Ese nomadismo hacía que Carlos se fuera del pueblo durante largas temporadas a trabajar con los de los juegos mecánicos que llegaban sólo dos veces al año: en Carnaval y Año Nuevo, y cuando los juegos lo traían de vuelta, llegaba a las once de la mañana a casa a bordo de su bicicleta, siempre cargado con los casetes más recientes de los grupos del momento, como Los Bukis, Los Humildes, Los Caminantes, Los Barón de Apodaca y toda la pléyade de la música chicana. Cuando Carlos se iba, esas cintas se quedaban en poder de Soco, quien las ponía para amenizar sus quehaceres. Así mientras barría o cocinaba, su mente se iba lejos, quizá volando hasta la feria en la que en ese momento Carlos estuviera.

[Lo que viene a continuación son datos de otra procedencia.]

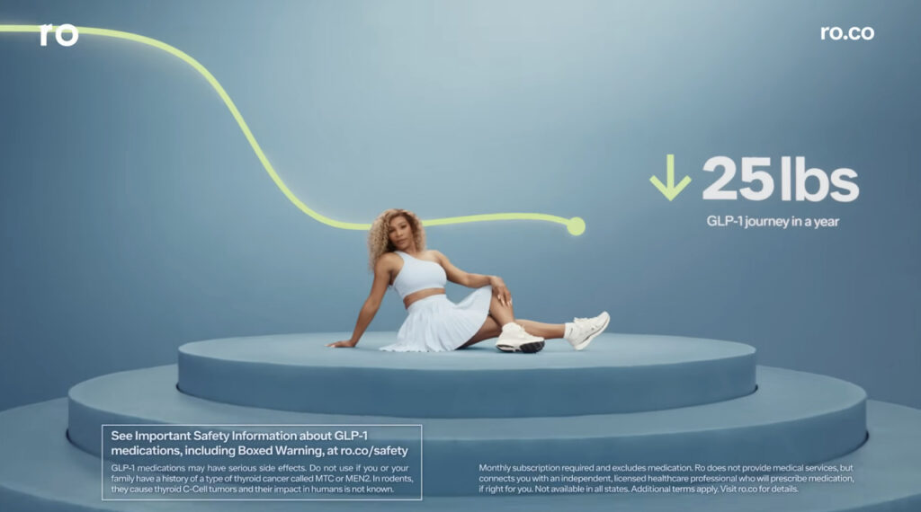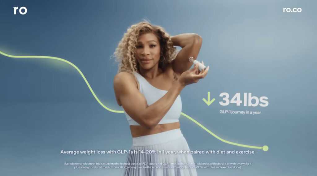 Reklama przedstawia Serenę Williams, która wstrzykuje sobie lek GLP-1 oraz zamawia jego nową wersję (w tabletce) za pośrednictwem aplikacji mobilnej. Tenisistka mówi o tym, jak preparat pomógł jej załagodzić obciążenie stawu kolanowego czy obniżyć cholesterol. Ale przede wszystkim Williams podkreśla, że dzięki niemu mogła pozbyć się 14. kilogramów.
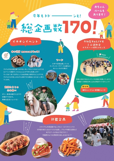 「アカデミック・サイエンス」「スポーツ」「健康」「パフォーマンス」「地域」「フード」「SDGs」の7つをテーマにした170の企画(出展等)を用意しております。
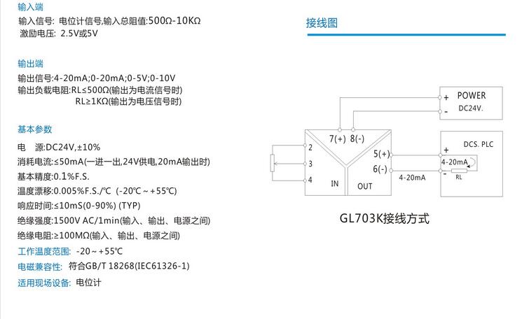 GL703K信號隔離調(diào)理器輸入范圍:0-500Ω 0-1KΩ、0-10KΩ、0-20KΩ等用戶特定規(guī)格
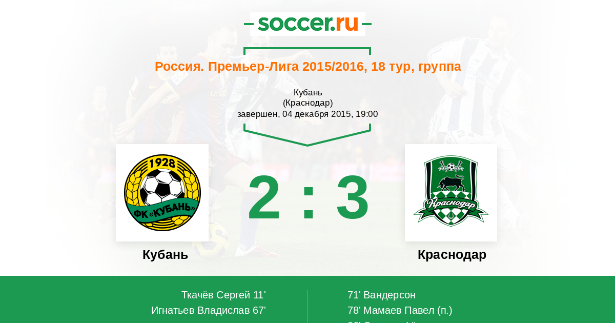 Добрый вечер всем любителям футбола! Сайт Soccer.ru проведёт сегодня прямую текстовую онлайн трансляцию матча чемпионата России по футболу. В Краснодаре на стадионе "Кубань", в рамках 18-го тура ФК "Кубань" принимает ФК "Краснодар". Комментировать матч для Вас будет Старчеус Сергей.
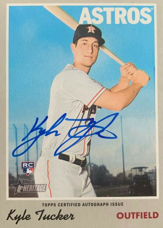 This card is 1 of 2 Kyle Tucker's card variations in the 2019 Topps Heritage set being tracked by Sports Card Investor, including Real One Autographs - Red Ink /70.
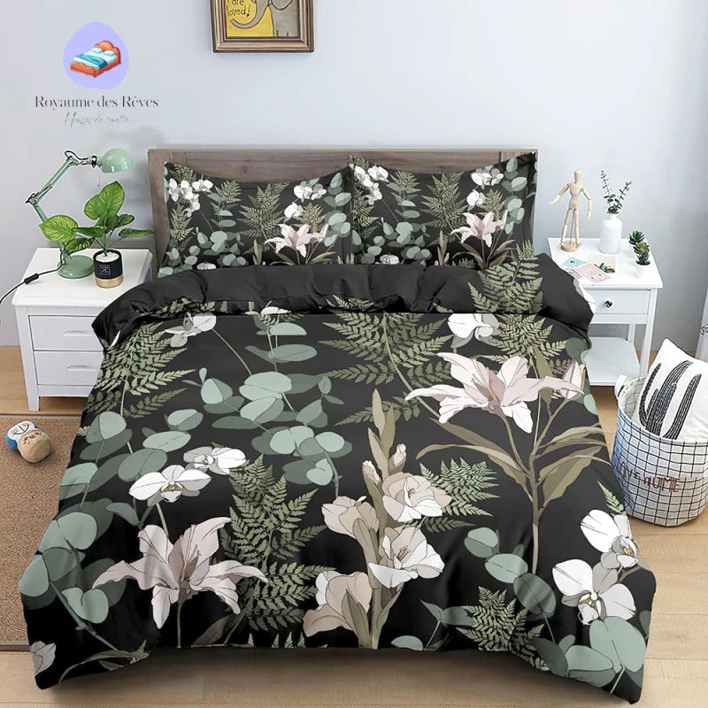 L’alliance de grandes feuilles et de délicates fougères sur un fond anthracite donne à la housse de couette Tropical Neutre un style à la fois chic et relaxant. Les couleurs naturelles et apaisantes de cette housse apportent une ambiance paisible à votre chambre, parfaite pour se ressourcer après une longue journée.
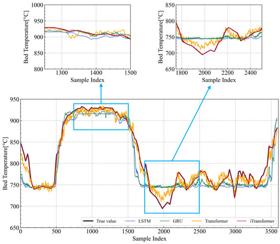 The proposed iTransformer-based model was comprehensively evaluated on its generalization ability and single-step and multi-step prediction accuracies under different training, validation, and testing datasets. It was also compared with other models such as GRU, LSTM, and Transformer. These evaluations highlight the effectiveness of the iTransformer model in predicting bed temperature dynamics with improved accuracy and robustness.
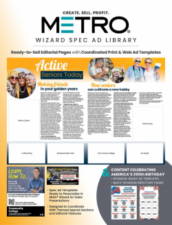 ![]() Ad & Page Templates, Images, Headings & Social Media"I love all of the great ideas Metro's spec ad templates provide for my advertisers! As a designer, having the ad copy already in place saves me so much time and thought." - Trisha Lalancette, Hurd Media Group
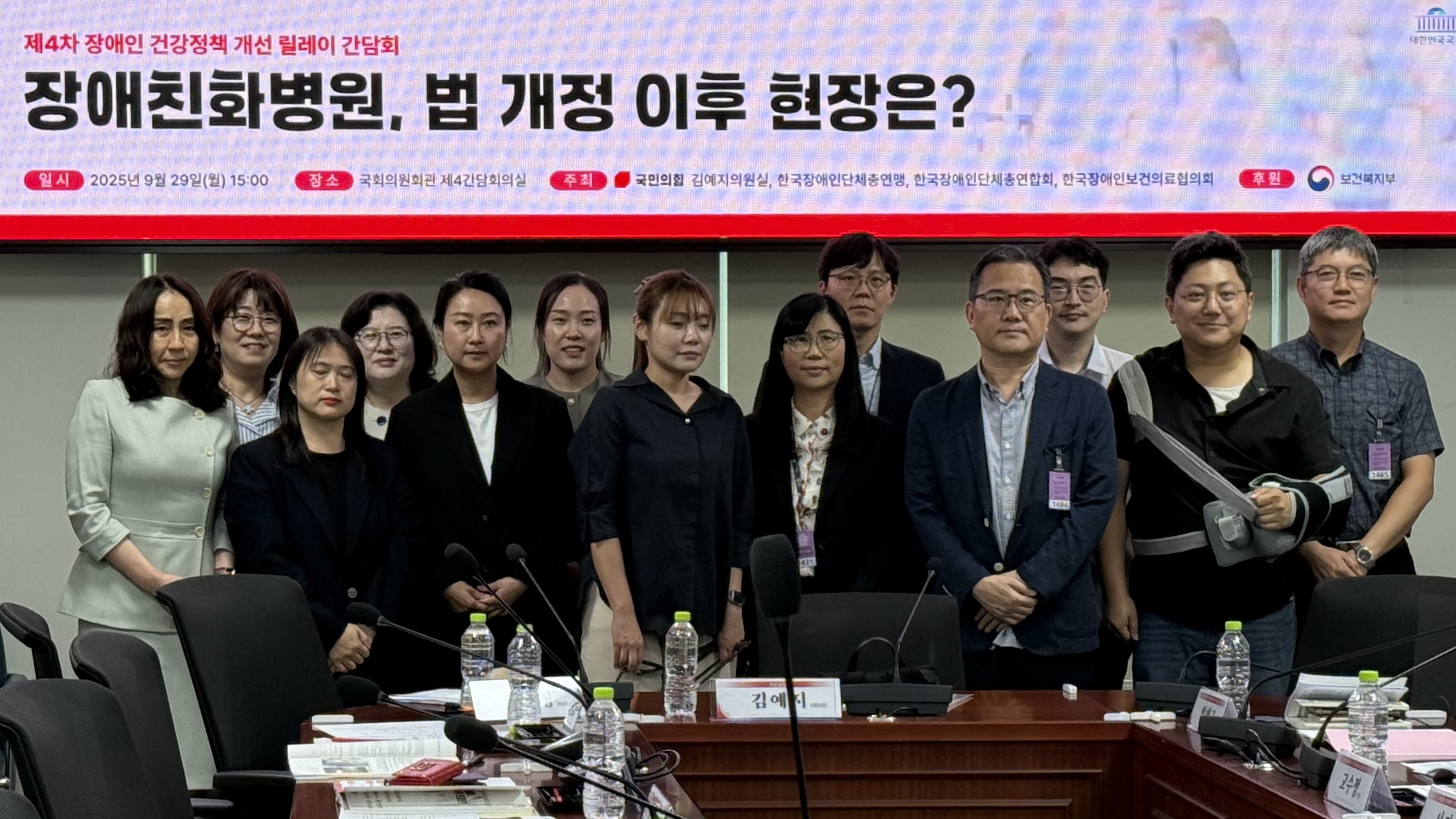 ![]() ![]() ![]() ![]() 제4차 장애인 건강정책 개선 릴레이 간담회 "장애친화병원, 법 개정 이후 현장은?" 일시: 2025년 09월 29일 오후 1시 ~ 오후 3시 30분 장소: 국회의원회관 제4간담회의실 주최: 김예지 의원실, 한국장애인보건의료협의회, 한국장애인단체총연맹, 한국장애인단체총연합회 |

Pasó el tiempo y, pese a la rabia de doña Elena, Soco se casó con Carlos. Pasaron los años, Soco se fue consumiendo por las enfermedades hasta que ya no hubo nada más que hacer. Yo, ya en mis veintitantos, ese día estaba en Morelia y mi madre me marcó para darme la noticia, así que emprendí el camino al pueblo. Tuve que detenerme unos minutos en la carretera porque la vista se me llenó de agua y sal. De ese tamaño era el cariño que le tuve a Soco.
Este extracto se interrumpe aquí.